In the present study, combined treatment significantly increased the apoptosis of growing follicles, and the expression of Bcl-2 was decreased. These results are correlated with expression of XIAP, another anti-apoptotic factor related to the development of follicles. XIAP, a known inhibitor of apoptosis protein 3 (IAP3), is a protein that stops apoptotic cell death. XIAP is expressed in all the stages of follicle development and promotes survival of follicles by inhibiting caspase-3, -7, and -9 [32, 33]. Overexpression of XIAP significantly enhances the survival of pre-antral follicles, and thus XIAP could be used as a pre- and post-chemo protective agent due to its distinct role in regulating follicle atresia.

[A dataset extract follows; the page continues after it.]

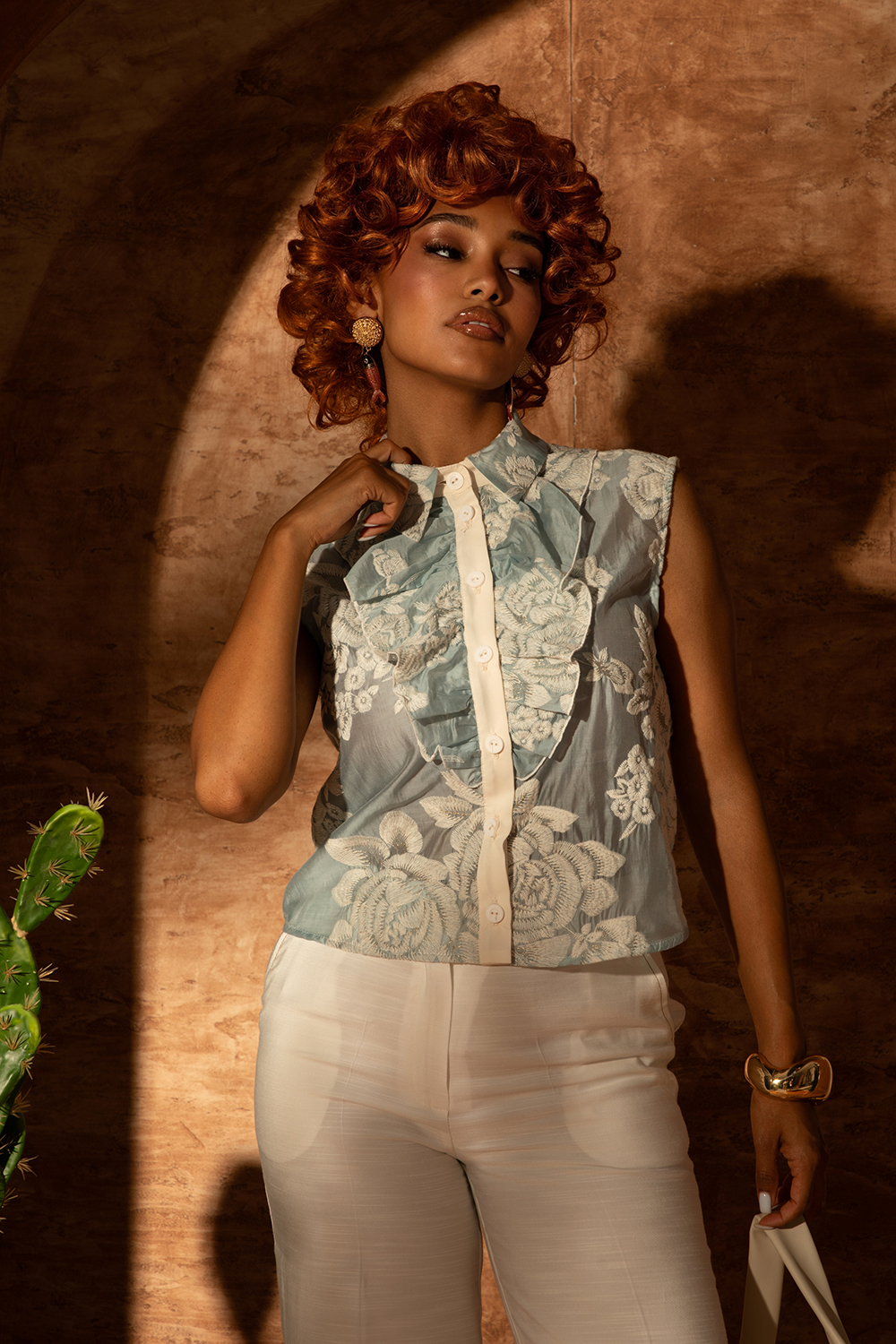 Елегантна блуза от ефектна материя в светло синьо с бродирани флорални мотиви. Леко втален силует с предно закопчаване посредством копчета. Яка и къдри в предната част.

The regulation of follicle atresia is an important issue in fertility preservation. Currently, a number of strategies including gonadotropin-releasing hormone (GnRH) agonist are used for the protection of ovarian reserve [34]. It interferes with the hypothalamic-pituitary-gonadal axis and blocks ovarian function by suppressing gonadotropin levels to pubertal levels. However, its effect is not satisfactory for the preservation of ovarian function [35]. Therefore, the pre- and post-chemo rescuing of follicles using XIAP could be a candidate strategy for maintaining ovarian reserve.
In conclusion, we demonstrated the effects of cisplatin and paclitaxel on in vitro follicular growth. Their effects were differentially observed between oocytes and G-cells regarding the gene expression and morphological variation. Further investigations are necessary to evaluate the potential efficacy of XIAP as an anti-apoptotic regulator when used before chemotherapy. The potential use of stem cells extracted from ovaries should also be evaluated in regard to their supportive roles during in vitro murine and primate follicle culture setting of this study.